HTTP Operations

Making requests

Use context methods for HTTP operations, as they handle common tasks such as caching, using request sessions with sensible retry defaults, and checking the response status.

text = context.fetch_text(context.data_url, method="POST", headers=headers, data=body, cache_days=cache_days)

Handling bot blocking

Many sites employ bot blocking strategies. We believe this is primarily to mitigate Denial of Service attacks and manage server load, rather than protecting the content from extraction, since the purpose of the sites we scrape is dissemination of their block lists. As long as we are sensitive to our impact on their service and identifiable in their requests, we believe it is ok to work around their bot blocking strategies.

Blocking might result in error statuses like 403; redirects to error pages; or 200 status responses but with different content from what you've seen in the browser.

Header-based restrictions

If a request using zavod fails but your browser succeeds, try setting a more browser-like user-agent header.

http:
  user_agent: Mozilla/5.0 (Macintosh; Intel Mac OS X 10_10_3) AppleWebKit/537.36 (KHTML, like Gecko) Chrome/42.0.2311.90 Safari/537.36 (zavod; opensanctions.org)

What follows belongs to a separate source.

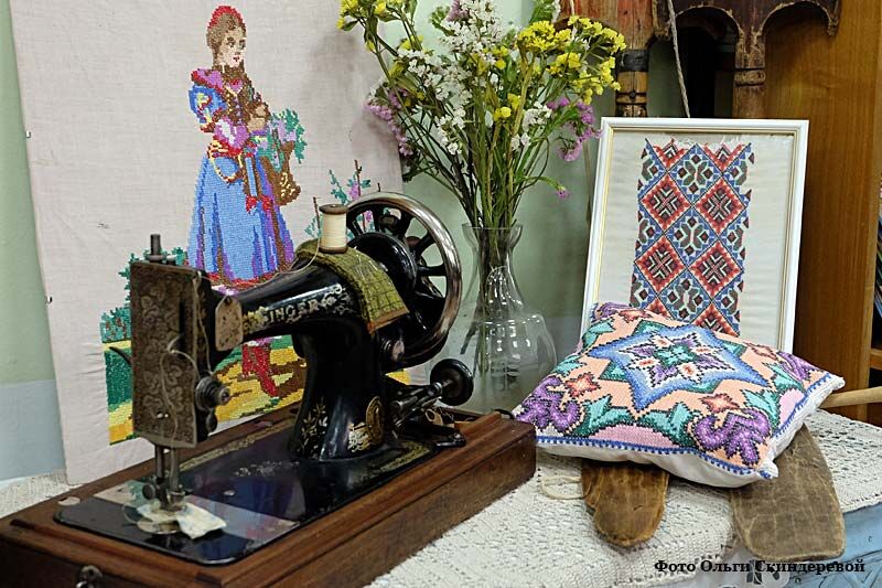 Ольга Николаевна принесла нам, кроме вышивок своей бабушки, много необычных старинных предметов. Это маслобойка, сундук, ухват с отполированной многими поколениями хозяек ручкой, плетеный короб для грибов, ягод и овощей, прялки и веретено, крынки для молока и теста, и даже швейная машинка легендарной фирмы «Зингер» в рабочем состоянии.
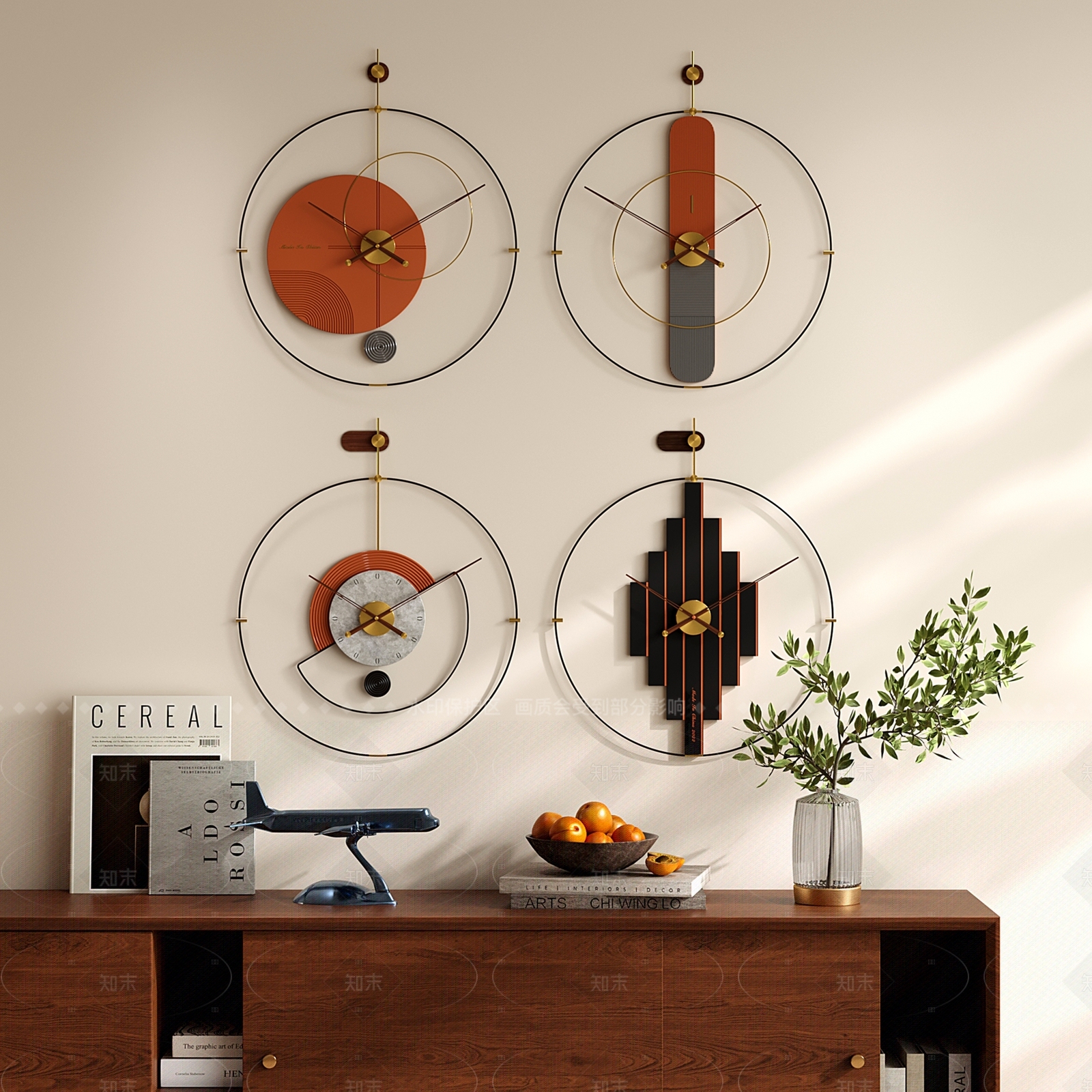 现代极简钟表 现代极简钟表 挂钟时钟 花瓶花艺 饰品摆件 水果书籍

If that doesn't work, try more of the common headers sent by browsers:

HEADERS = {  
    "origin": "https://www.interpol.int",  
    "referer": "https://www.interpol.int/",  
    "sec-fetch-mode": "navigate",  
    "sec-fetch-site": "none",  
    "sec-fetch-user": "?1",  
    "upgrade-insecure-requests": "1",  
    "user-agent": "Mozilla/5.0 (Macintosh; Intel Mac OS X 10_15_7) AppleWebKit/537.36 (KHTML, like Gecko) Chrome/126.0.0.0 Safari/537.36 (zavod; opensanctions.org)",  
}
context.fetch_...(url, headers=HEADERS)

Network/geo-blocking

If it fails in production but not locally, they might be blocking our production network IP range. It's common to block hosting provider networks for websites intended for humans only.

Use zyte with with httpResponseBody approach (default in zavod.shed.zyte_api.fetch_* functions except fetch_htm whose html_source defaults to browser_html). httpResponseBody is faster and cheaper than browserHtml.

It's also common to block requests from a country other than the publisher. If it works using a VPN exit point in that country, also try zyte using the geolocation argument.

JavaScript challenges

If it works in the browser but you see different content when fetching using zavod or curl, there might be a javascript challenge that checks whether a full browser is rendering the page. This usually sets a cookie so the browser doesn't have to complete the challenge on each request. These challenges can also be intermittent.

For HTML, try requesting using zyte_api.fetch_text with html_source="browserHtml" (the default). This will render the page in a browser, execute any javascript, then turn the DOM back into HTML and return that.

If tricks like waiting for specific content or clicking on something to render the data is needed, look at the actions argument.